Task item →
Transcribe, leaving out every picture, the lines that run from the start of the listing below through the line with "どなたか助けてください…。9".

+---+

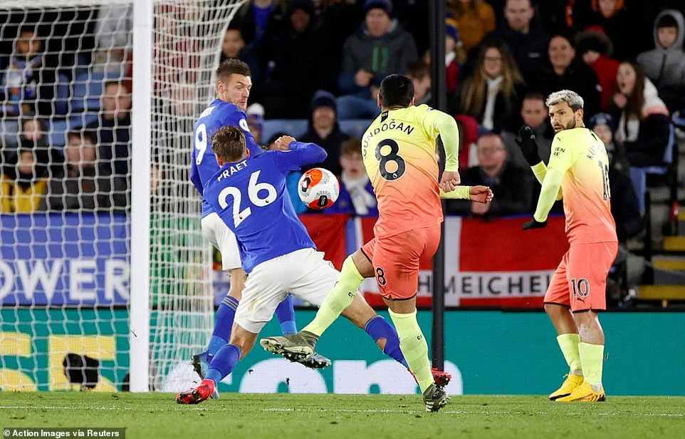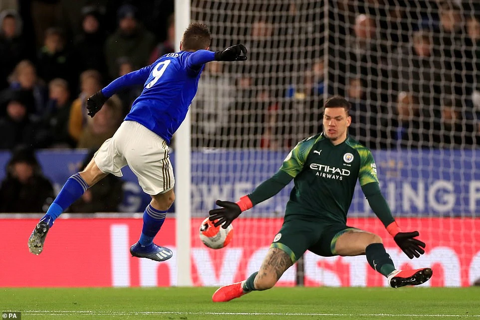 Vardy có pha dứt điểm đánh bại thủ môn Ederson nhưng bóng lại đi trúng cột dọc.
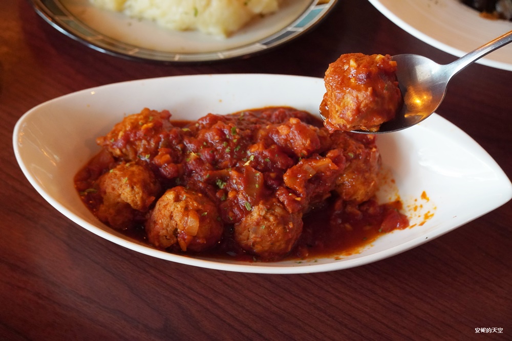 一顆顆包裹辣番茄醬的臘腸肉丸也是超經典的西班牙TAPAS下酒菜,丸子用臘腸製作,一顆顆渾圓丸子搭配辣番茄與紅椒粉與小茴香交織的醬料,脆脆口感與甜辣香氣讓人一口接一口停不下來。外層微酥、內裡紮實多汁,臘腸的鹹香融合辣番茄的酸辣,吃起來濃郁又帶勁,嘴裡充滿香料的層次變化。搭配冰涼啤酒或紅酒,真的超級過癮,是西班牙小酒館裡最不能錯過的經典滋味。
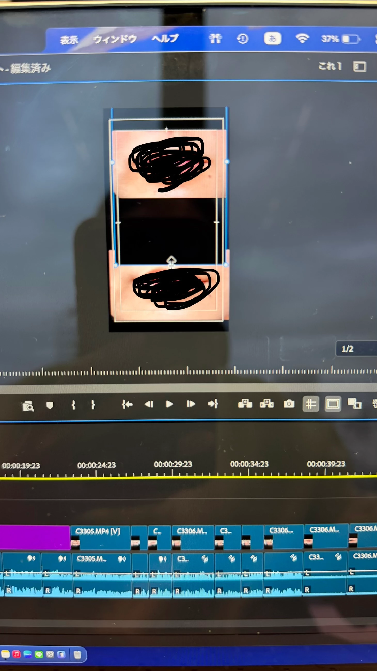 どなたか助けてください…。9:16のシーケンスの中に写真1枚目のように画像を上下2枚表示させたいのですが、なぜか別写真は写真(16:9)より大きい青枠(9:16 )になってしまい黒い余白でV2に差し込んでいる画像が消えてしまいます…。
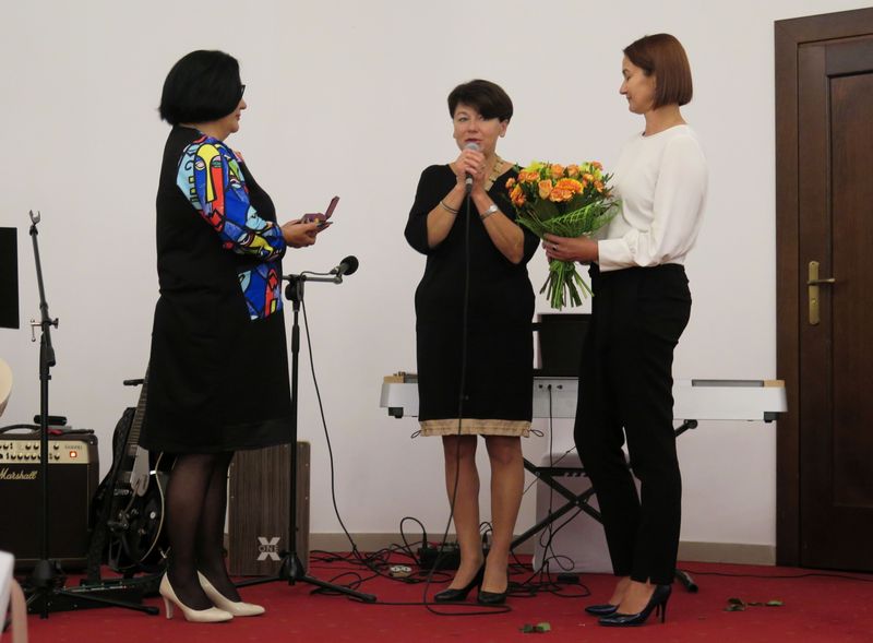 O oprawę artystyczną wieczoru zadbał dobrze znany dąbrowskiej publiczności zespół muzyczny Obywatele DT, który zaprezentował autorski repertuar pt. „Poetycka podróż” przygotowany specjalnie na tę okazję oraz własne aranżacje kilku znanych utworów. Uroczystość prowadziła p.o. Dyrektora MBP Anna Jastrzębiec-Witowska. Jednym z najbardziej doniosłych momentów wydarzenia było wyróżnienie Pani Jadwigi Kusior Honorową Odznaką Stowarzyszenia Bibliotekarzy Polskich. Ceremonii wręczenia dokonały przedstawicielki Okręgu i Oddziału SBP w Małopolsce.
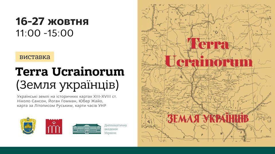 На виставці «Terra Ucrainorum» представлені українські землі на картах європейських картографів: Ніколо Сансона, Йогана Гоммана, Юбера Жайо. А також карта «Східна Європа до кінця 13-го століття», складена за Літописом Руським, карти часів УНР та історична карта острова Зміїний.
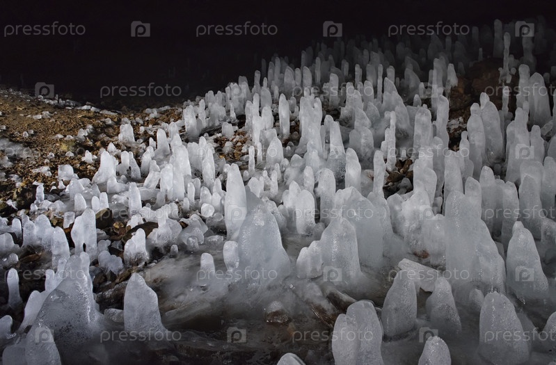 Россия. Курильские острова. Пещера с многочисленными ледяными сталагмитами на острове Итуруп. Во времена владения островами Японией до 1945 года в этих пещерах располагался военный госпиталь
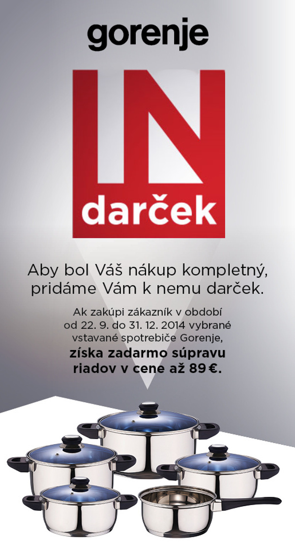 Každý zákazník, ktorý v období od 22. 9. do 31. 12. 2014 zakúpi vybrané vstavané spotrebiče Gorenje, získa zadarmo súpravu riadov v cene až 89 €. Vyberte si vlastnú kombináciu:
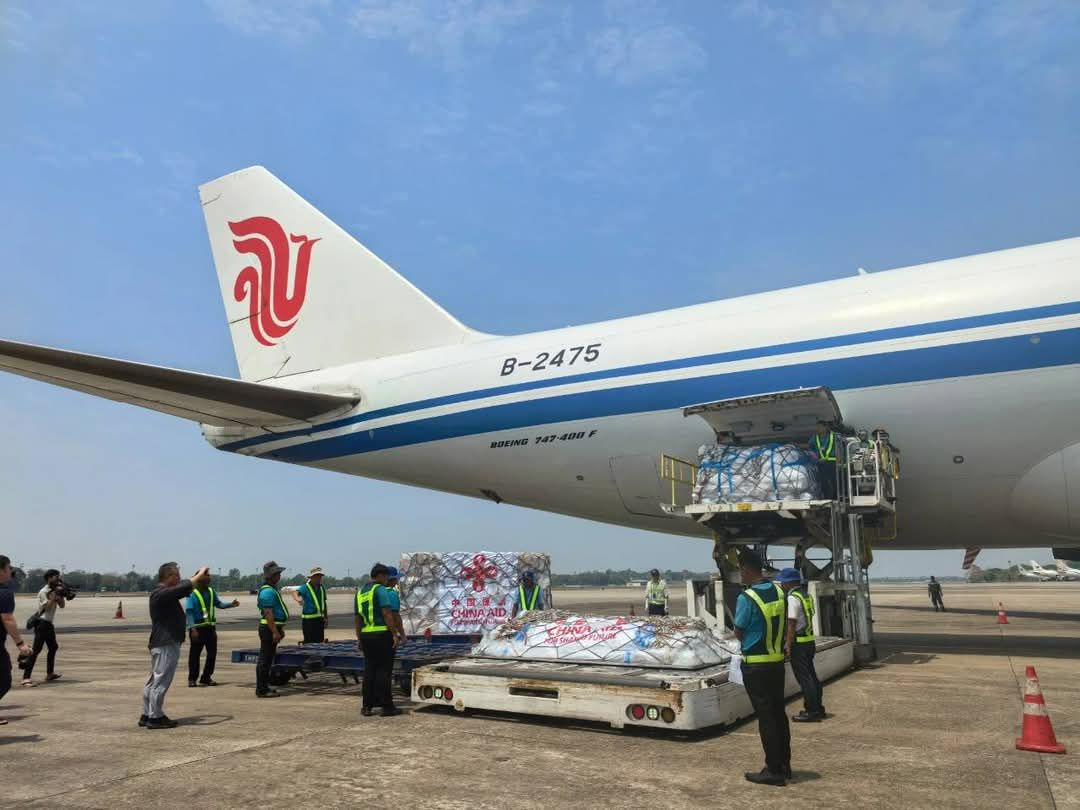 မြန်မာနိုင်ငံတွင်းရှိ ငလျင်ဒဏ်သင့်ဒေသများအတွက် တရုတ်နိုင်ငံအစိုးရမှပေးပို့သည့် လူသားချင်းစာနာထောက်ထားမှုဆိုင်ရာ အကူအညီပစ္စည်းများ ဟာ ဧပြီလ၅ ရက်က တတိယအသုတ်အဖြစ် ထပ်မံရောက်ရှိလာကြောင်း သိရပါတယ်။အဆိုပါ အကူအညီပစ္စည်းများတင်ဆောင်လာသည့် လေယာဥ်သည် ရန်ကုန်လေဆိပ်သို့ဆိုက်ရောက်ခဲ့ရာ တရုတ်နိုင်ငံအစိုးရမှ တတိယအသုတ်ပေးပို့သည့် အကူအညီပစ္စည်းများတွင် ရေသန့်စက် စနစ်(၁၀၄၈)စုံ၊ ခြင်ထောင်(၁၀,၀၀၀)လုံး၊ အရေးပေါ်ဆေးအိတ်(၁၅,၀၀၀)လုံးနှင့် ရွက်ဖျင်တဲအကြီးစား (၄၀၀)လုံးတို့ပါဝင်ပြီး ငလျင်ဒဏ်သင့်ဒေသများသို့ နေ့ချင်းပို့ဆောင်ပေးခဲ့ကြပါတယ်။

+---+

Solution →
 Vardy có pha dứt điểm đánh bại thủ môn Ederson nhưng bóng lại đi trúng cột dọc.
 一顆顆包裹辣番茄醬的臘腸肉丸也是超經典的西班牙TAPAS下酒菜,丸子用臘腸製作,一顆顆渾圓丸子搭配辣番茄與紅椒粉與小茴香交織的醬料,脆脆口感與甜辣香氣讓人一口接一口停不下來。外層微酥、內裡紮實多汁,臘腸的鹹香融合辣番茄的酸辣,吃起來濃郁又帶勁,嘴裡充滿香料的層次變化。搭配冰涼啤酒或紅酒,真的超級過癮,是西班牙小酒館裡最不能錯過的經典滋味。
 どなたか助けてください…。9:16のシーケンスの中に写真1枚目のように画像を上下2枚表示させたいのですが、なぜか別写真は写真(16:9)より大きい青枠(9:16 )になってしまい黒い余白でV2に差し込んでいる画像が消えてしまいます…。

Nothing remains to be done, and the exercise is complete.